India, Bangladesh join hands for safe cross-border elephant migration

GUWAHATI: Human migration may remain a contentious issue between India and Bangladesh, but not for elephants. The two countries are working with their respective external affairs and home affairs ministries to ensure that jumbos can cross the international boundary with ease.

"We (India and Bangladesh) are cooperating on trans-boundary conservation of elephants. And safe cross-border migration of elephants is one of the agenda of our cooperation. We have submitted our proposal to our external affairs and home affairs ministries for approval so that elephants are allowed smooth passage across the international border.
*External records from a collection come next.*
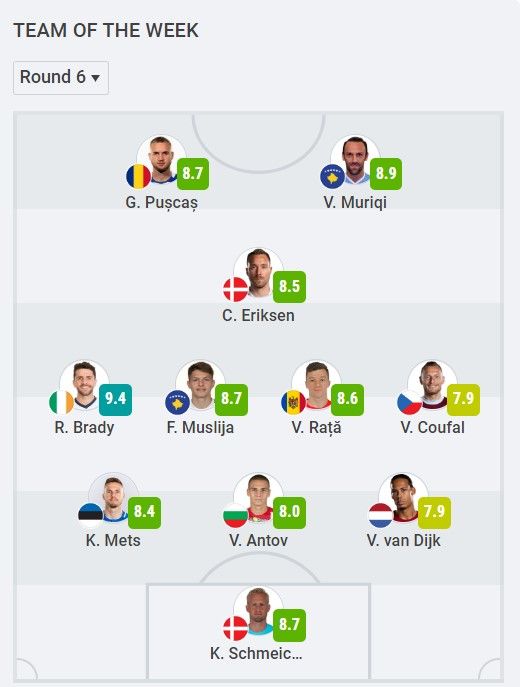 George Pușcaș, marcatorul a două goluri în partida câștigată de România, scor 4-1, cu Bosnia și Herțegovina, a fost notat cu 8,7, sub Vedat Muriqui (8,9), dar peste Christian Eriksen (Danemarca/ 8.5).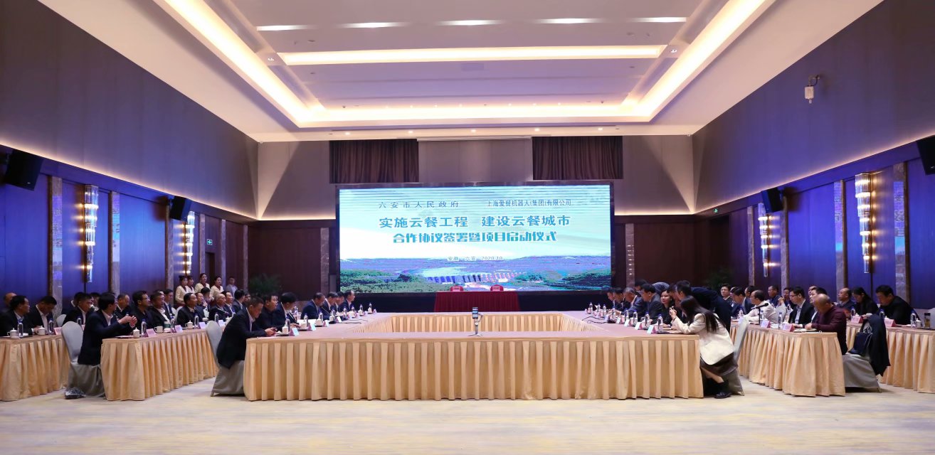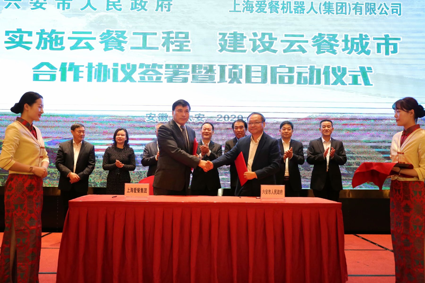 六安市人民政府副市長束學(xué)龍與上海愛餐機(jī)器人有限公司總裁何光共同簽署了合作協(xié)議,市委副書記、市長葉露中、愛餐機(jī)器人創(chuàng)始人、董事長何青、六安開發(fā)區(qū)管委會主任盧俊、上海愛餐機(jī)人公司董事何志光、總裁辦主任姚國冠、六安市人民政府秘書長陸純、安徽索伊集團(tuán)董事長王瓊峰見證簽約儀式。簽約儀式結(jié)束后,葉露中市長再次召集各縣區(qū)政府常務(wù)副縣(區(qū))長,要求他們進(jìn)一步推廣實(shí)施云餐工程,建設(shè)云餐城市項(xiàng)目,提建議,抓落實(shí),希望更好推動(dòng)此項(xiàng)工程的落地。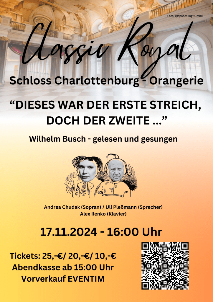 Ich möchte Sie an diesem Wochenende gerne zu einer Gelegenheit einladen, bei der es Wilhelm Busch in Wort und Ton live zu erleben gibt: 17.11.24 um 16:00 Uhr in der Großen Orangerie des Schlosses Charlottenburg. Dort widmen sich der Schauspieler Uli Pleßmann, die Sängerin Andrea Chudak und der Pianist Alex Ilenko unter dem Titel „Dieses war der erste Streich, doch der zweite…“ sowohl seinen Gedichten und Beobachtungen wie auch der Geschichte von „Max & Moritz“ mit ihren sieben berühmten Streichen. Ein Programm für jedes Alter…

So far the response of the ministries have been positive," union ministry of environment forest, environment and climate change (MoEFCC)'s Project Elephant inspector general, R K Srivastava told TOI here on Thursday.

Srivastava said Bangladesh is also working with their respective ministries on the issue of trans-boundary elephant conservation and migration.

Experts said cross-border jumbo movements are primarily affected by border fencing, which at many places are right on the elephant corridors.

Srivastava said the problem of cross-border elephant movement due to border fencing is mostly in Meghalaya's Garo hills areas and in Tripura. In West Bengal, he added, there are only stray incidents of cross-border migration as there is no elephant habitats as such across the border.

Srivastava informed the problem of migration is more acute between Garo hills on Indian side and Sherpur district in Bangladesh.
"Elephants are by nature migrating animals. Blocking their corridors actually do not works as elephants manage to overcome the barriers. However, we need to ease their cross-border movement of elephants. There are about 200-odd elephants left in the wild in Bangladesh. If we do not allow safe migration, there genetic stock will be affected," Srivastava said on the sidelines of Balipara Foundation's Asian Elephant in the Wild: Elephant Talk 2015 here on Thursday.
Global experts on elephant and biodiversity conservation experts deliberated on the way forward for restoring Northeast's and trans-boundary elephant habitats at the two-day elephant conclave.
Assam chief minister Tarun Gogoi said that there is a need to strike a balance between biodiversity conservation and improving the living conditions of people who are affected by the conflict.